Return the data exactly, without pictures.

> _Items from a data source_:
+++

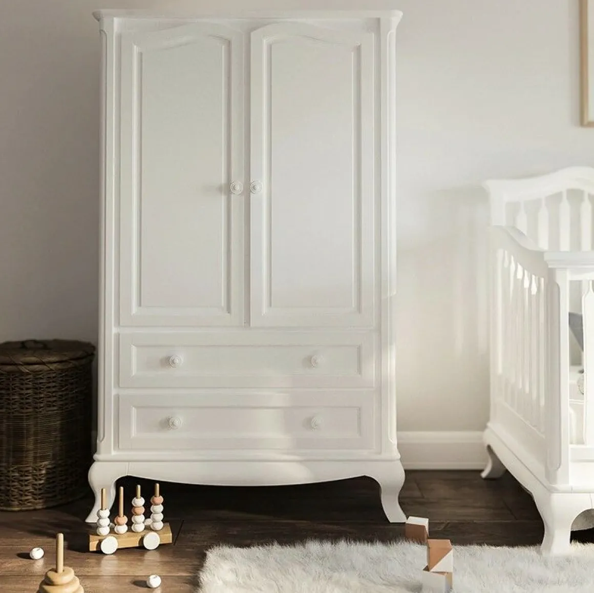 Romina Cleopatra Kledingkast Solid White is een duurzame kledingkast, gemaakt van massief hardhout. De kledingkast heeft een klassieke uitstraling en romantische uitstraling en is afgewerkt met sierlijke details. De kast zal prachtig staan in de babykamer, maar dankzij de uitstekende kwaliteit van het meubel zal je ook lang na de babytijd veel plezier beleven van de kast!
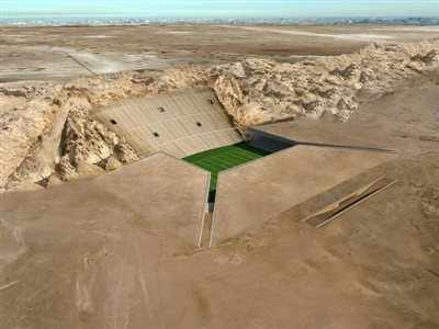 Στην πόλη Al Ain του Άμπου Ντάμπι ένα πρωτότυπο γήπεδο ποδοσφαίρου προετοιμάζεται από τους MZ Architects, οι οποίοι σχεδίασαν μια δομή απόλυτα προσαρμοσμένη στο ερημικό τοπίο. Το γήπεδο, έκτασης 200.000 τ.μ., δεσπόζει στο κέντρο του βουνού Jebel Hafeet και μοιάζει βυθισμένο στην άμμο. «Αναγνωρίζοντας την επιβλητικότητα αλλά και το δυναμισμό του τοπίου της περιοχής, το γήπεδο έπρεπε να αποτελεί αναπόσπαστο μέρος του περιβάλλοντος χώρου και σε καμία περίπτωση να μην τον προσπερνά…
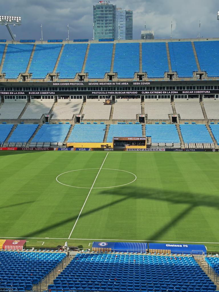 此时,空无一人的夏洛特美国银行球场艳阳高照,从球场高处远眺,记者能看到乌云正在临近。
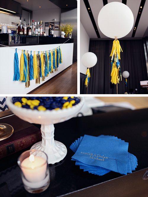 We worked with the Flair Exchange on tissue tassel to hang from each balloon in the Emory College colors. Carmen from the Flair Exchange also made us bunting to hang from the bar where we set out personalized napkins from For Your Partynext to some blue and yellow M&M’s. Always a fun touch!
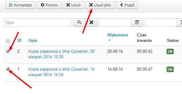g. Usuń pliki kopii z serwera. Na liście kopii, zaznacz wszystkie kopie, a następnie kliknij "usuń pliki"
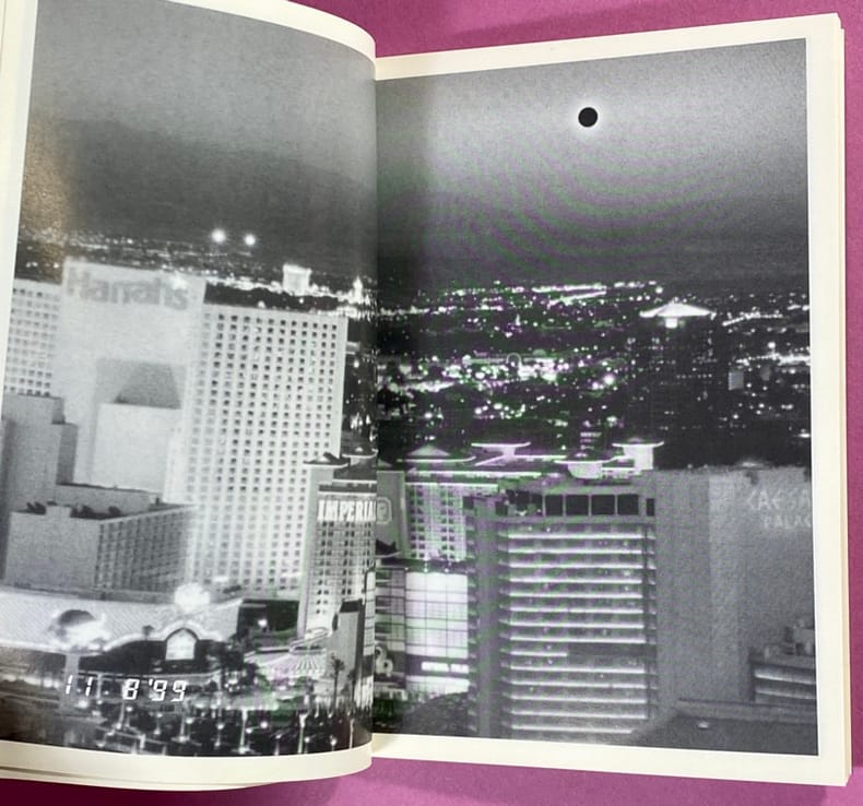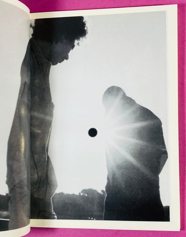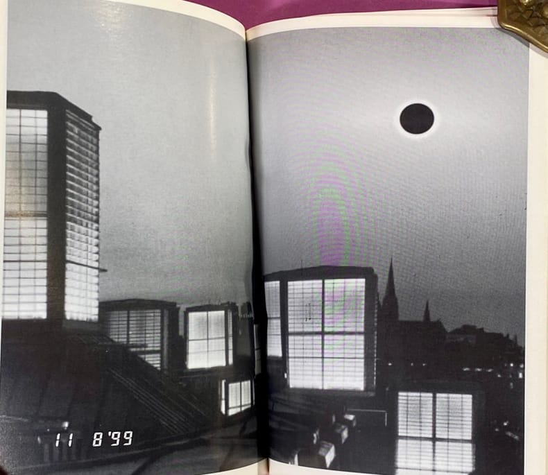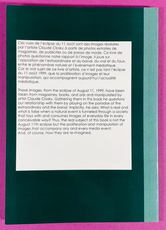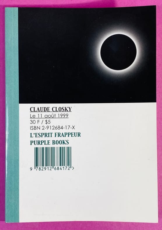 1999 Couverture souple Paris, L'Esprit frappeur / Purple Books, 1999. Un volume in-16 (15 x 10,5 cm), broché, couverture illustrée. 64 pages, reproductions en noir d'oeuvres de l'artiste, pages très légèrement gondolées (ce n'est pas dû à une mouillure ou défaut mais à la technique de brochage de cette édition). Publié à l'occasion de l'éclipse totale de soleil du 11 août 1999, cet ouvrage s'inscrit dans la démarche conceptuelle de Claude Closky, marquée notamment par l'importance du "décompte". Bon exemplaire de cette édition originale.

+++

> _Task result_:
 Romina Cleopatra Kledingkast Solid White is een duurzame kledingkast, gemaakt van massief hardhout. De kledingkast heeft een klassieke uitstraling en romantische uitstraling en is afgewerkt met sierlijke details. De kast zal prachtig staan in de babykamer, maar dankzij de uitstekende kwaliteit van het meubel zal je ook lang na de babytijd veel plezier beleven van de kast!
 Στην πόλη Al Ain του Άμπου Ντάμπι ένα πρωτότυπο γήπεδο ποδοσφαίρου προετοιμάζεται από τους MZ Architects, οι οποίοι σχεδίασαν μια δομή απόλυτα προσαρμοσμένη στο ερημικό τοπίο. Το γήπεδο, έκτασης 200.000 τ.μ., δεσπόζει στο κέντρο του βουνού Jebel Hafeet και μοιάζει βυθισμένο στην άμμο. «Αναγνωρίζοντας την επιβλητικότητα αλλά και το δυναμισμό του τοπίου της περιοχής, το γήπεδο έπρεπε να αποτελεί αναπόσπαστο μέρος του περιβάλλοντος χώρου και σε καμία περίπτωση να μην τον προσπερνά…
 此时,空无一人的夏洛特美国银行球场艳阳高照,从球场高处远眺,记者能看到乌云正在临近。
 We worked with the Flair Exchange on tissue tassel to hang from each balloon in the Emory College colors. Carmen from the Flair Exchange also made us bunting to hang from the bar where we set out personalized napkins from For Your Partynext to some blue and yellow M&M’s. Always a fun touch!
g. Usuń pliki kopii z serwera. Na liście kopii, zaznacz wszystkie kopie, a następnie kliknij "usuń pliki"
 1999 Couverture souple Paris, L'Esprit frappeur / Purple Books, 1999. Un volume in-16 (15 x 10,5 cm), broché, couverture illustrée. 64 pages, reproductions en noir d'oeuvres de l'artiste, pages très légèrement gondolées (ce n'est pas dû à une mouillure ou défaut mais à la technique de brochage de cette édition). Publié à l'occasion de l'éclipse totale de soleil du 11 août 1999, cet ouvrage s'inscrit dans la démarche conceptuelle de Claude Closky, marquée notamment par l'importance du "décompte". Bon exemplaire de cette édition originale.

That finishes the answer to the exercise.